File Sizes
Neo4j relies on Java’s Non-blocking I/O subsystem for all file handling. Furthermore, while the storage file layout is optimized for interconnected data, Neo4j does not require raw devices. Thus, file sizes are only limited by the underlying operating system’s capacity to handle large files. Physically, there is no built-in limit of the file handling capacity in Neo4j.

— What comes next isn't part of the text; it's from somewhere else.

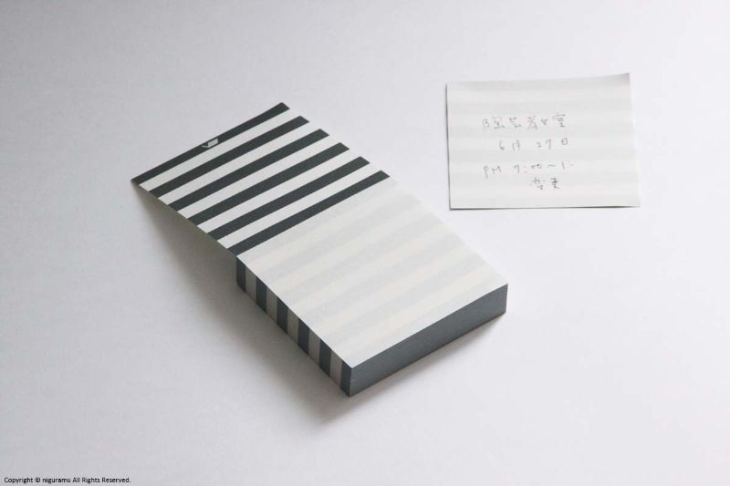 はっきりとしたボーダーがある、裏面にメモを書いてももちろんOK。独特のデザインなので、固定観念にとらわれず、好きな使い方ができそう。あなたはこのブロックメモにどんなインクを使って、何を書きますか?

Neo4j has a built-in page cache, that will cache the contents of the storage files. If there is not enough RAM to keep the storage files resident, then Neo4j will page parts of the files in and out as necessary, while keeping the most popular parts of the files resident at all times. Thus, ACID speed degrades gracefully as RAM becomes the limiting factor.
Read speed
Enterprises want to optimize the use of hardware to deliver the maximum business value from available resources. Neo4j’s approach to reading data provides the best possible usage of all available hardware resources. Neo4j does not block or lock any read operations; thus, there is no danger for deadlocks in read operations and no need for read transactions. With a threaded read access to the database, queries can be run simultaneously on as many processors as may be available. This provides very good scale-up scenarios with bigger servers.
Write speed
Write speed is a consideration for many enterprise applications. However, there are two different scenarios:
- sustained continuous operation and
- bulk access (e.g., backup, initial or batch loading).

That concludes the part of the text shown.